2025-10-06T15:30:00.000Z
How to use Common Crawl to find your website
Common Crawl archives billions of web pages and makes them freely available. Here's how to check if your site is indexed and extract the content.
Check if your site is indexed
curl -s "http://index.commoncrawl.org/CC-MAIN-2024-42-index?url=kevinsimper.dk&output=json" | head -1
This returns JSON with your page details. Count how many pages are indexed:
curl -s "http://index.commoncrawl.org/CC-MAIN-2024-42-index?url=kevinsimper.dk/*&output=json" | wc -l
# 82 pages from my site
Two ways to get content
Method 1: WARC files (precise access)
WARC files contain full HTML. The index tells you exactly where your content is:
# Get location info
curl -s "http://index.commoncrawl.org/CC-MAIN-2024-42-index?url=kevinsimper.dk&output=json" | \
jq -r 'select(.status=="200") | "offset: \(.offset), length: \(.length), file: \(.filename)"'
# offset: 287741401, length: 16652, file: crawl-data/.../warc/CC-MAIN-...warc.gz
# Fetch exact bytes
curl -H "Range: bytes=287741401-287758052" \
"https://data.commoncrawl.org/crawl-data/CC-MAIN-2024-42/segments/1727944253525.17/warc/CC-MAIN-20241008044807-20241008074807-00461.warc.gz" | \
gunzip
Method 2: WET files (text only, but no index)
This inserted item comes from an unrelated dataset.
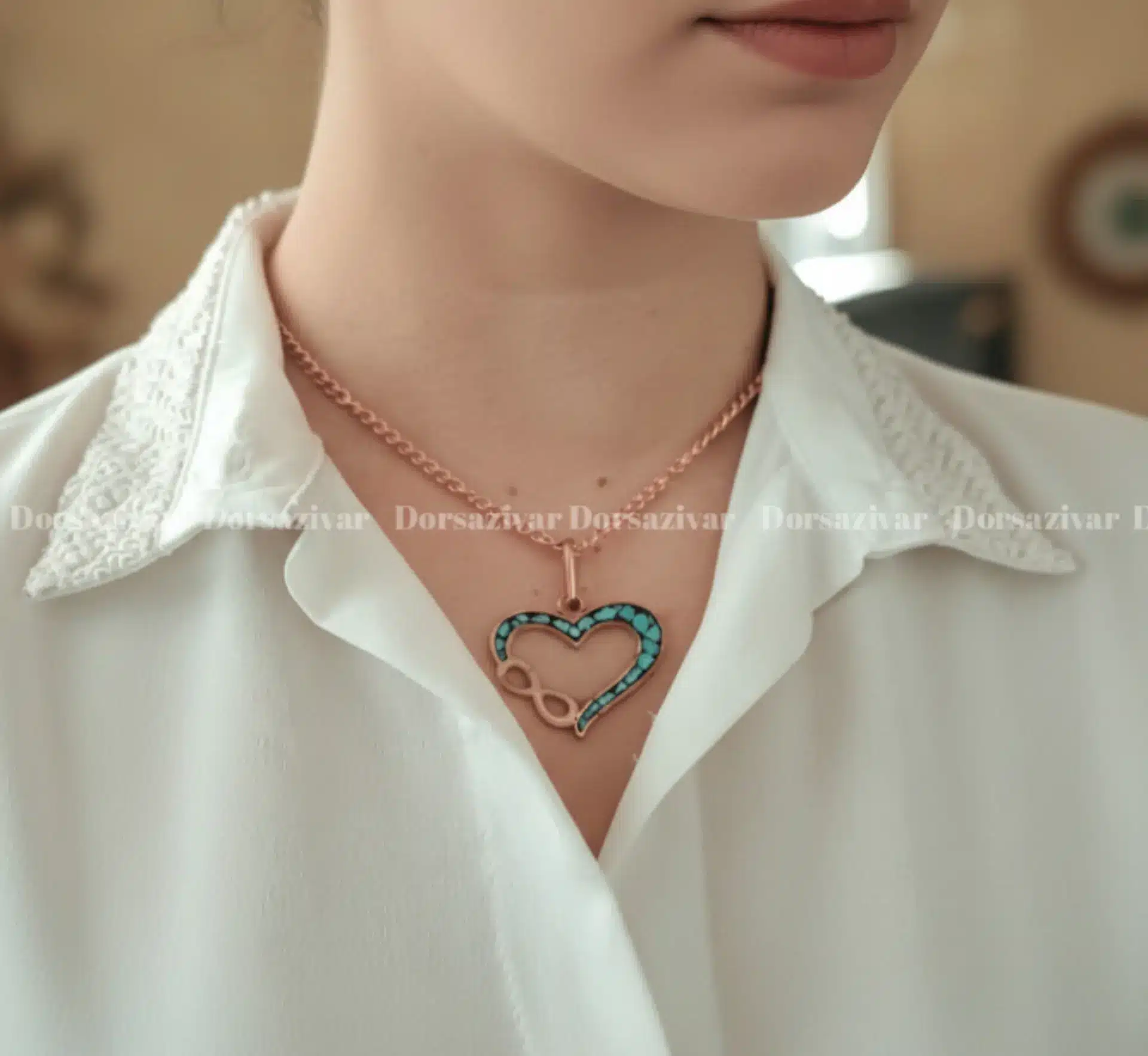 نماد قلب بینهایت یک طراحی شگفتانگیز و معنادار است که ترکیب دو نماد پرمعنی یعنی قلب و علامت بینهایت را به همراه دارد. قلب نمادی از عشق، محبت و احساسات عمیق است، در حالی که علامت بینهایت نشاندهنده ابدیت و بیپایانی است. این ترکیب به معنای عشق و ارتباطی است که هیچگاه تمام نمیشود و همواره ادامه خواهد داشت. در طراحی گردنبند مس و فیروزه پرنسا، این نماد به شکلی هنری و زیبا گنجانده شده و جلوهای خاص به گردنبند بخشیده است.

WET files contain plain text from ALL websites in that segment. There's no index for WET files, so you download the entire 82MB file:
# Convert WARC path to WET path (warc→wet, .warc.gz→.warc.wet.gz)
WET_FILE="crawl-data/CC-MAIN-2024-42/segments/1727944253525.17/wet/CC-MAIN-20241008044807-20241008074807-00461.warc.wet.gz"
# Download entire file and search
curl -s "https://data.commoncrawl.org/$WET_FILE" | \
gunzip | grep -A50 "WARC-Target-URI: https://kevinsimper.dk"
The key difference
- WARC: Has an index with byte offsets → download only what you need (17KB)
- WET: No index → download entire segment file containing 27,000+ sites (82MB)
Use WARC when you need specific pages. Use WET when you're analyzing many sites at once.
Finding the latest crawl
New crawls monthly at https://data.commoncrawl.org/
- CC-MAIN-2025-38 (September 2025)
- CC-MAIN-2025-33 (August 2025)
My site had 82 pages in the October crawl. Pretty good coverage!